In this session, I worked in collaboration with an AI development partner to design the user interface — the interactive hub where authors and editors will upload manuscripts and monitor the book’s progress through each automated stage of production.
Together, we mapped out what the dashboard experience should look like. The “Fiction Publishing Dashboard” concept allows users to:
- Upload a manuscript file.
- Watch it move through the AI‑driven publishing modules: Ingestion, Processing, Formatting, Conversion, and Distribution.
- View real‑time logs, progress indicators, and even side‑by‑side previews of raw versus formatted text.
The AI helped generate detailed layout ideas, wireframe‑level designs, and user flow diagrams to visualize the end‑to‑end publishing experience. It also proposed two different implementation strategies for the first prototype:
- A Streamlit version for quick, Python‑based iteration and testing.
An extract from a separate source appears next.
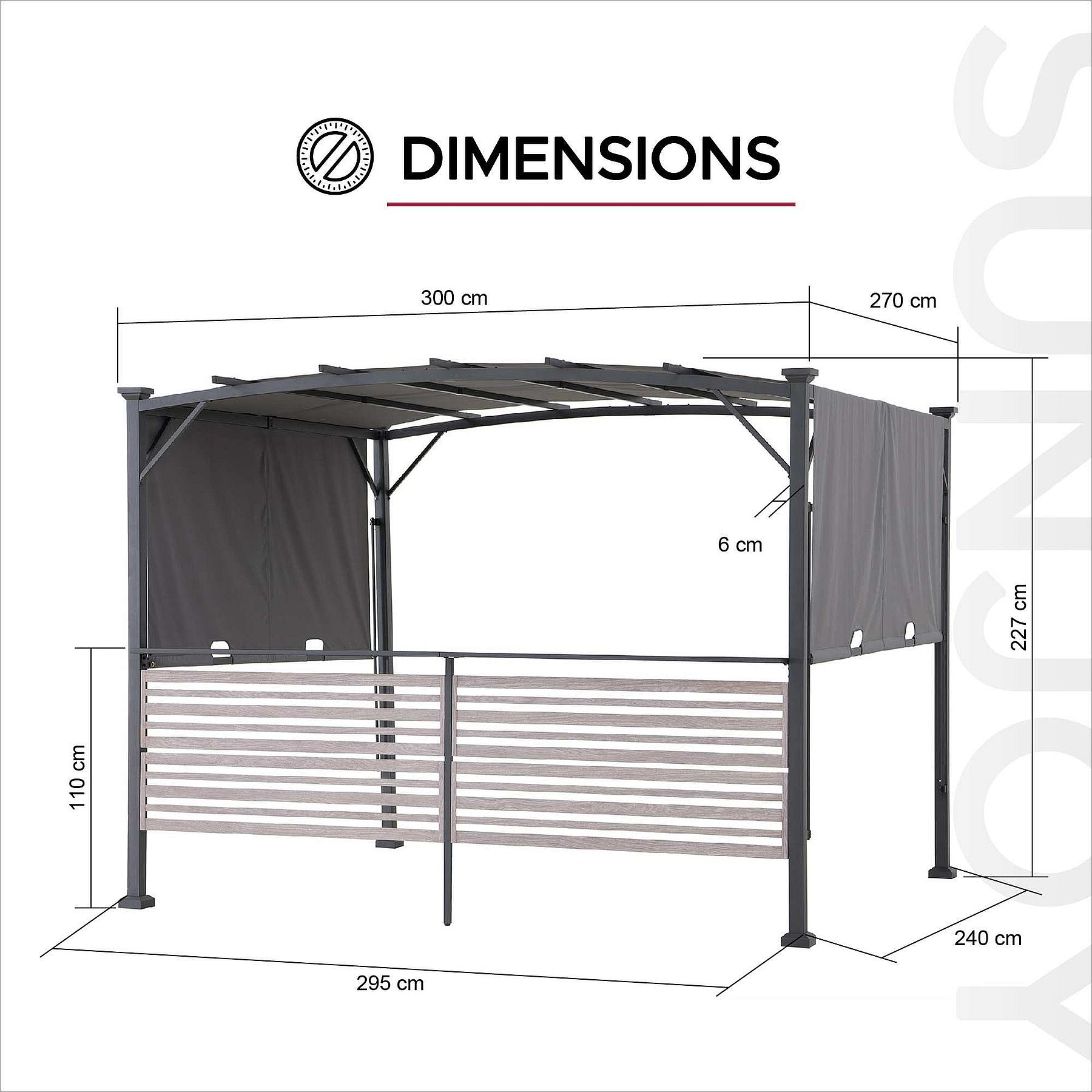 Pergola en métal avec toit à baldaquin réglable et étagère de bar TITOV 270 cm x 300 cm

- A React‑based version for long‑term scalability and portfolio quality.
This collaboration underscored how AI can accelerate design thinking and systems architecture by contributing technical insights that would typically take several rounds of prototyping. Rather than delegating creativity, I’m using AI as a force multiplier — translating vision into actionable system designs faster and more cohesively.
In the next stage, I’ll begin implementing the interactive prototype using the AI‑assisted design blueprint. The initial focus will be on the manuscript upload interface and simulated processing visualization so that users can experience how an AI‑enhanced publishing workflow operates in real time.
This project continues to evolve as both a technical case study and a professional showcase of how human‑AI collaboration can be applied intentionally — not just to write code, but to co‑design sophisticated creative systems that bridge literature, publishing, and technology.